## Prompt
Take the lines in the listing below from the line with "Byt o užitné" up to and including the line with "Plastic plant support" and set them down exactly, skipping pictures and adding nothing.

## Dataset entries
=== Begin Enclosure ===
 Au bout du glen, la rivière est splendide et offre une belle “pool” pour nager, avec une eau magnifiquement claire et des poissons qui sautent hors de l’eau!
=== End Enclosure ===
=== Begin Enclosure ===
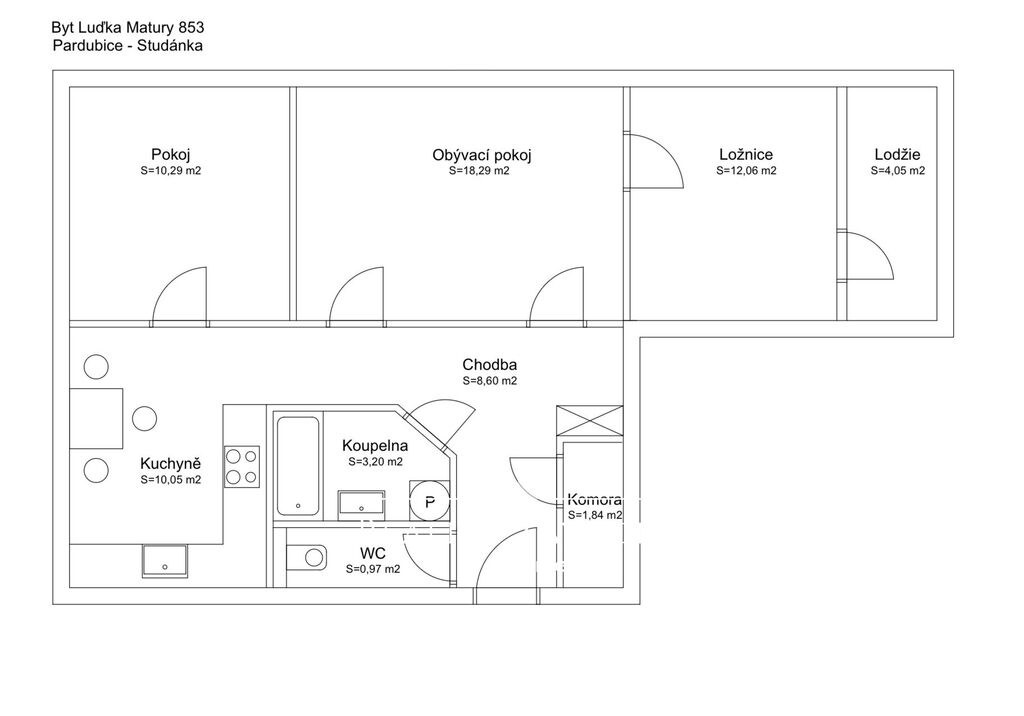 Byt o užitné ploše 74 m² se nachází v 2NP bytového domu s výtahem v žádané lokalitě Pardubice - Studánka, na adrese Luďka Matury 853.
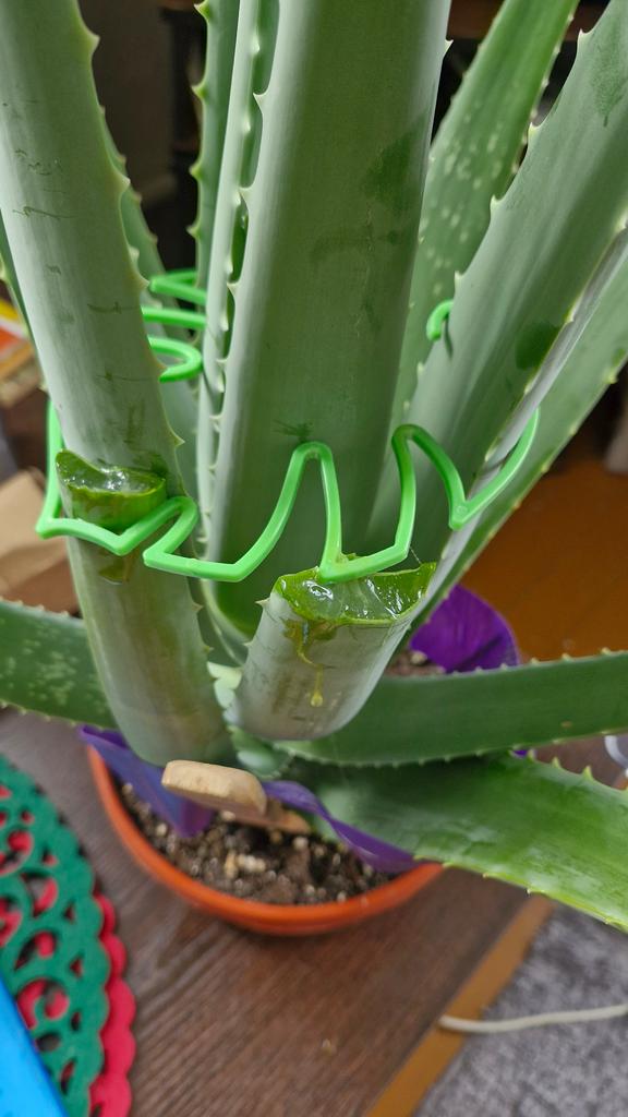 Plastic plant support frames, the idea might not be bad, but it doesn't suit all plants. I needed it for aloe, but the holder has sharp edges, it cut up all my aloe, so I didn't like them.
=== End Enclosure ===
=== Begin Enclosure ===
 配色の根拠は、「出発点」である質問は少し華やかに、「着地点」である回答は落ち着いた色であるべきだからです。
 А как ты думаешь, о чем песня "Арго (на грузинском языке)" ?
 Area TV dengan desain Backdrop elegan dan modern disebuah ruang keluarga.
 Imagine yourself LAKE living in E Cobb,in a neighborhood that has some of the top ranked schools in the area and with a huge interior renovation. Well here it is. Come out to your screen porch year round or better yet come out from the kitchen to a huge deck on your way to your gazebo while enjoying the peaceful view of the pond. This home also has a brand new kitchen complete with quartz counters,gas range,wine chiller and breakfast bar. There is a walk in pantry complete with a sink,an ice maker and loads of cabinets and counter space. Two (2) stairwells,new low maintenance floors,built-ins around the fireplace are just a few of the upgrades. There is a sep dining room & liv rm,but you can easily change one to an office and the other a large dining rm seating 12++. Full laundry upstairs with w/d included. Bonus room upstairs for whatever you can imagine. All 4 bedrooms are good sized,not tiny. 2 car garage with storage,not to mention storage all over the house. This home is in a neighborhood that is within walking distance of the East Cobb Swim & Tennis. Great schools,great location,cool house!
=== End Enclosure ===
## Expected output
 Byt o užitné ploše 74 m² se nachází v 2NP bytového domu s výtahem v žádané lokalitě Pardubice - Studánka, na adrese Luďka Matury 853.
 Plastic plant support frames, the idea might not be bad, but it doesn't suit all plants. I needed it for aloe, but the holder has sharp edges, it cut up all my aloe, so I didn't like them.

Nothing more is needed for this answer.